### Instructions for the task
Below are the records; print them all without any alteration.
--- --- ---
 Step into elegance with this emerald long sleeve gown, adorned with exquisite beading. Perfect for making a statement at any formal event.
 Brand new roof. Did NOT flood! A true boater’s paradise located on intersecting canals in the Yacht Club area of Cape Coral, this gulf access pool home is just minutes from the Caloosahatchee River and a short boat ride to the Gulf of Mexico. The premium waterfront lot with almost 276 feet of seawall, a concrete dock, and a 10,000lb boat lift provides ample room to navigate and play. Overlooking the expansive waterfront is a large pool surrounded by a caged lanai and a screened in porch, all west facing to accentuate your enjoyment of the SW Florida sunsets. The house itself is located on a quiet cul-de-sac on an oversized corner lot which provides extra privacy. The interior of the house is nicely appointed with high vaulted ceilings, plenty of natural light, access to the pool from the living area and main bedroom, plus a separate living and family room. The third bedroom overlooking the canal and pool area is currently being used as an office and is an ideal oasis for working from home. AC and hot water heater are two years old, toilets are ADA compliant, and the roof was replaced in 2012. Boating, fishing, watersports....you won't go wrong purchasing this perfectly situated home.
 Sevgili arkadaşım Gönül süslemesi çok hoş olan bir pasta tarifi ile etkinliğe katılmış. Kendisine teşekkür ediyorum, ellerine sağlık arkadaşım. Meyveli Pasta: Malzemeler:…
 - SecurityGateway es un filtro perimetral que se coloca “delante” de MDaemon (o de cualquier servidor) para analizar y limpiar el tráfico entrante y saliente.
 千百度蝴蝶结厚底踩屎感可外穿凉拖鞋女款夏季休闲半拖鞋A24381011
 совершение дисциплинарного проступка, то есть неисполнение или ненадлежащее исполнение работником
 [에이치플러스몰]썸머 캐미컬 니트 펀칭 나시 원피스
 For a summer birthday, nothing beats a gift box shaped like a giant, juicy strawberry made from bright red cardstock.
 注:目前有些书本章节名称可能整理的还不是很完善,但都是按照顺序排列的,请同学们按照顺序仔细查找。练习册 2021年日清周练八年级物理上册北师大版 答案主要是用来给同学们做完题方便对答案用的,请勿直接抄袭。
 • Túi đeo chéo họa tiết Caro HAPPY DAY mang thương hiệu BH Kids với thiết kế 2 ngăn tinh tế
--- --- ---
### Output of the exercise
 Step into elegance with this emerald long sleeve gown, adorned with exquisite beading. Perfect for making a statement at any formal event.
 Brand new roof. Did NOT flood! A true boater’s paradise located on intersecting canals in the Yacht Club area of Cape Coral, this gulf access pool home is just minutes from the Caloosahatchee River and a short boat ride to the Gulf of Mexico. The premium waterfront lot with almost 276 feet of seawall, a concrete dock, and a 10,000lb boat lift provides ample room to navigate and play. Overlooking the expansive waterfront is a large pool surrounded by a caged lanai and a screened in porch, all west facing to accentuate your enjoyment of the SW Florida sunsets. The house itself is located on a quiet cul-de-sac on an oversized corner lot which provides extra privacy. The interior of the house is nicely appointed with high vaulted ceilings, plenty of natural light, access to the pool from the living area and main bedroom, plus a separate living and family room. The third bedroom overlooking the canal and pool area is currently being used as an office and is an ideal oasis for working from home. AC and hot water heater are two years old, toilets are ADA compliant, and the roof was replaced in 2012. Boating, fishing, watersports....you won't go wrong purchasing this perfectly situated home.
 Sevgili arkadaşım Gönül süslemesi çok hoş olan bir pasta tarifi ile etkinliğe katılmış. Kendisine teşekkür ediyorum, ellerine sağlık arkadaşım. Meyveli Pasta: Malzemeler:…
 - SecurityGateway es un filtro perimetral que se coloca “delante” de MDaemon (o de cualquier servidor) para analizar y limpiar el tráfico entrante y saliente.
 千百度蝴蝶结厚底踩屎感可外穿凉拖鞋女款夏季休闲半拖鞋A24381011
 совершение дисциплинарного проступка, то есть неисполнение или ненадлежащее исполнение работником
 [에이치플러스몰]썸머 캐미컬 니트 펀칭 나시 원피스
 For a summer birthday, nothing beats a gift box shaped like a giant, juicy strawberry made from bright red cardstock.
 注:目前有些书本章节名称可能整理的还不是很完善,但都是按照顺序排列的,请同学们按照顺序仔细查找。练习册 2021年日清周练八年级物理上册北师大版 答案主要是用来给同学们做完题方便对答案用的,请勿直接抄袭。
 • Túi đeo chéo họa tiết Caro HAPPY DAY mang thương hiệu BH Kids với thiết kế 2 ngăn tinh tế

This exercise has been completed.